This article explains about a non standard device used in Industries especially for computer, telecom and control system called as Digital Grounding Device and the hazards related to its use.


Electrical safety in LV installations


Current flowing through the protective conductor (earth wire) during normal condition is always a threat to electrical safety in LV installations. Continuous current flowing through protective conductor creates accidents such as shock, arching, and fire, hence no compromise is allowed in the regulations and standards to the provision of protective earthing and equipotential bonding, to safeguard the equipment and personnel.

Although functional earthing is essential to ensure reliable operation of sensitive devices and electronic gadgets, the subject is misinterpreted as difference between Neutral and Protective Conductor, as a result the electronic system industry demand a low potential difference between N and PE and the complete confusion starts at this point.

Following safety measures are mandatory in all electrical installation to avoid risk to the occupants:

  1. Minimum Insulation resistance between Live conductors (line and neutral together) and protective conductor is 1 MΩ as mentioned in CEA regulations, and all IS code of practices.

  2. Maximum PE Conductor Current in equipment (not due to a fault in a.c system) is as per Table 1. Additional safety measures like reinforced insulation of equipment, safety extra low voltage system, reinforced equipotential bonding etc. shall be necessary when the limits prescribed in the Table1 are exceeded.

  3. Isolating device having a leakage current across open poles, exceeding 6 mA per pole is determined as the end of its life.

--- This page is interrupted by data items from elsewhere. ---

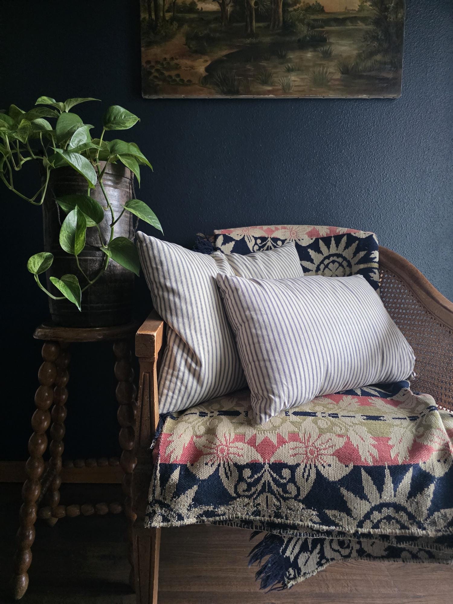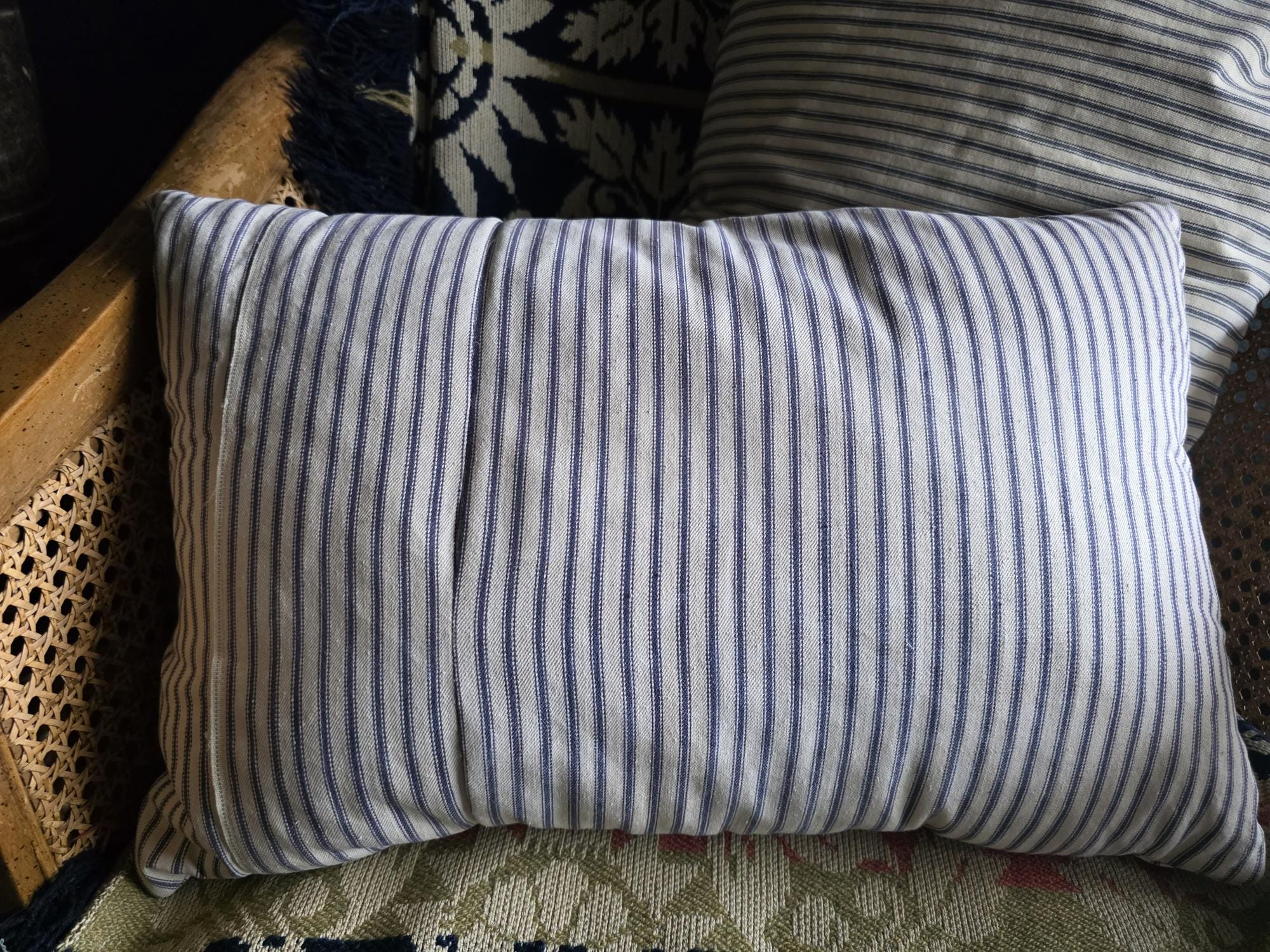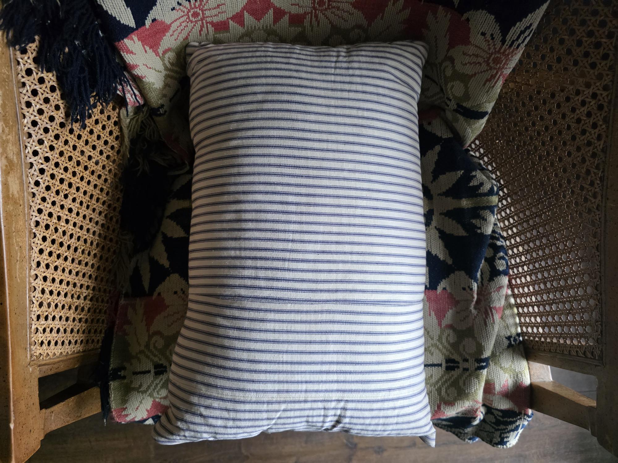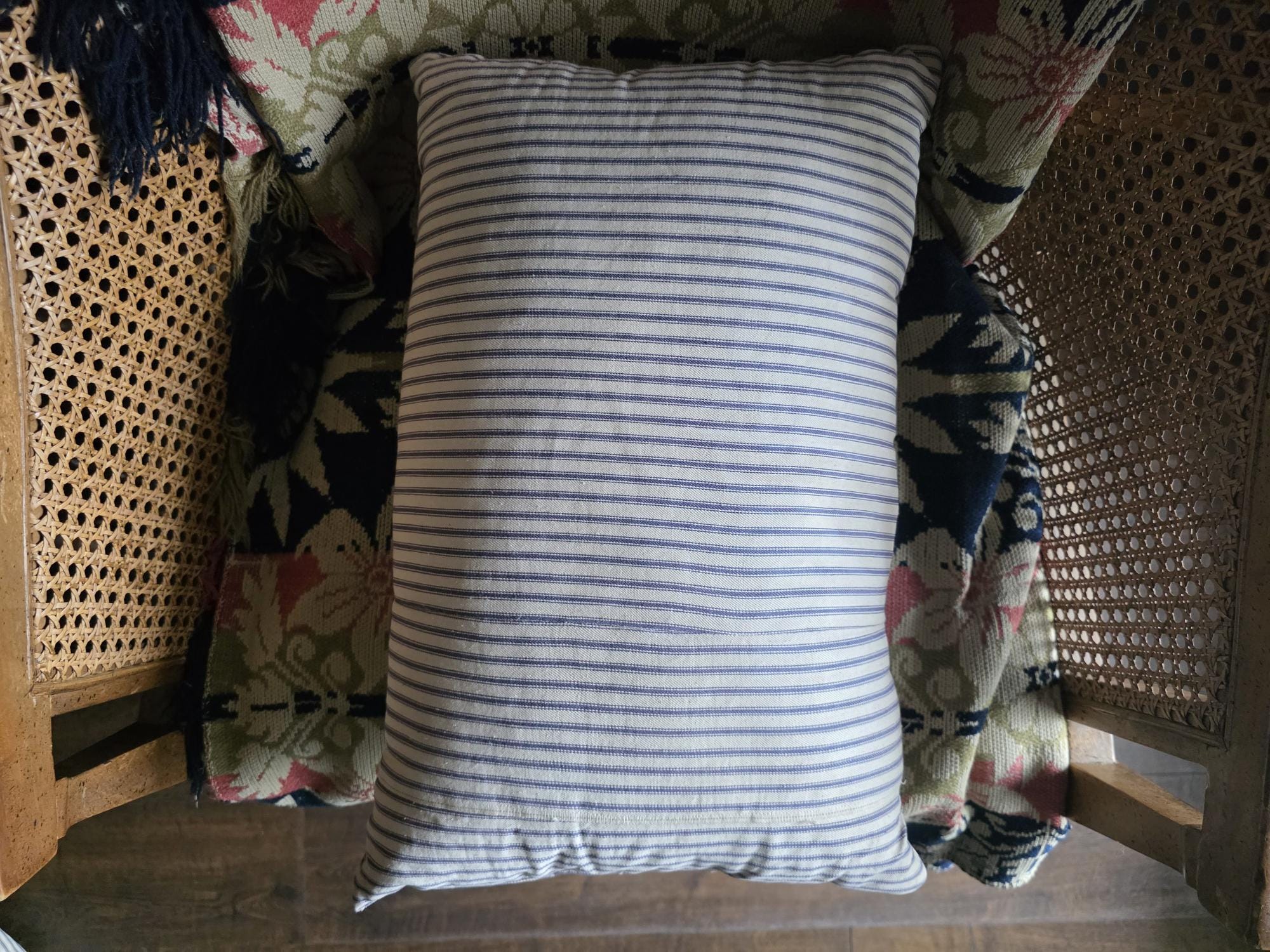 Add a touch of authentic farmhouse charm to your home with this matched set of two antique ticking pillows. Crafted from classic blue and white striped fabric, these pillows possess the distinctive character and are believed to both be down-filled. The set shows a lovely, time-worn patina that speaks to its age; specifically, the larger pillow exhibits a greater amount of natural discoloration, while the smaller pillow retains a fuller, loftier profile than its counterpart. The larger pillow is much looser with its filling. There is minor wear visible to the seams on both pillows, consistent with their antique history, making this pair a perfect, rustic accent for a primitive bench, settee, or bed. The larger pillow exhibits rust colored staining to one of the corners. See listing photographs closely for best description of condition. You will receive both pillow with the purchase of this listing.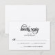 Prisvärda responskort från personligt bröllp med en modern, strålande typografisk layout tryckt på riktiga kraftkardstock eller den papper du väljer. Anpassa mallen med dina bröllop OSA eller använda verktygen för designen för att anpassa texten, välja valfritt färg och redigera typsnitt för att skapa din egen unika design. På motsatt sida finns det utrymme för att vid behov lägga till ytterligare text eller foton.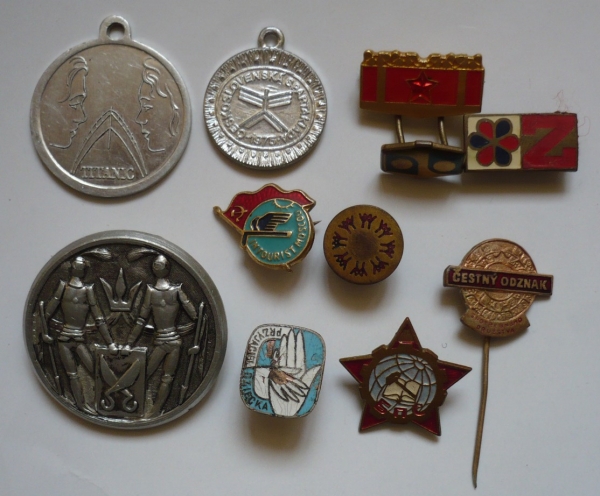 Sestava 11 odznaků a pamětních suvenýrů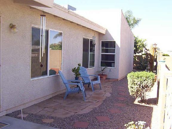 Fantastic home in a great neighborhood! This charming 3 bedroom home is simply perfect. Ceramic tile in living room & dining room, vaulted ceilings & custom paint. Spotlessly clean & well cared for. Spacious and bright, you`ll want to hurry. It also has a split floorplan, newer roof and A/C plus a two-car garage. Located next to the common area & close to shopping and Loop 202 makes it just right. It has both a lovely side and back yard with a partial view fence, beautifully landscaped, but easy to maintain. Two citrus trees, small grassy area and desert scape! Now add the sparkling community pool, and you simply can`t resist!

  4. TN-C system is not allowed inside a building with electronic installations (refer clauses from IS732 mentioned in this article)

Rated current of equipment

Maximum PE current

0 to 2 A


2A to 20 A

0.5 mA/A

Higher than 20 A

10 mA

Table 1: Example of PE conductor current in permanently connected equipment

(Ref Table 4 of IEC 61140 or clause in IS732.

Measures shall be implemented to ensured NIL/Minimum protective conductor current (continuous leakage current) during normal condition to avoid hazards.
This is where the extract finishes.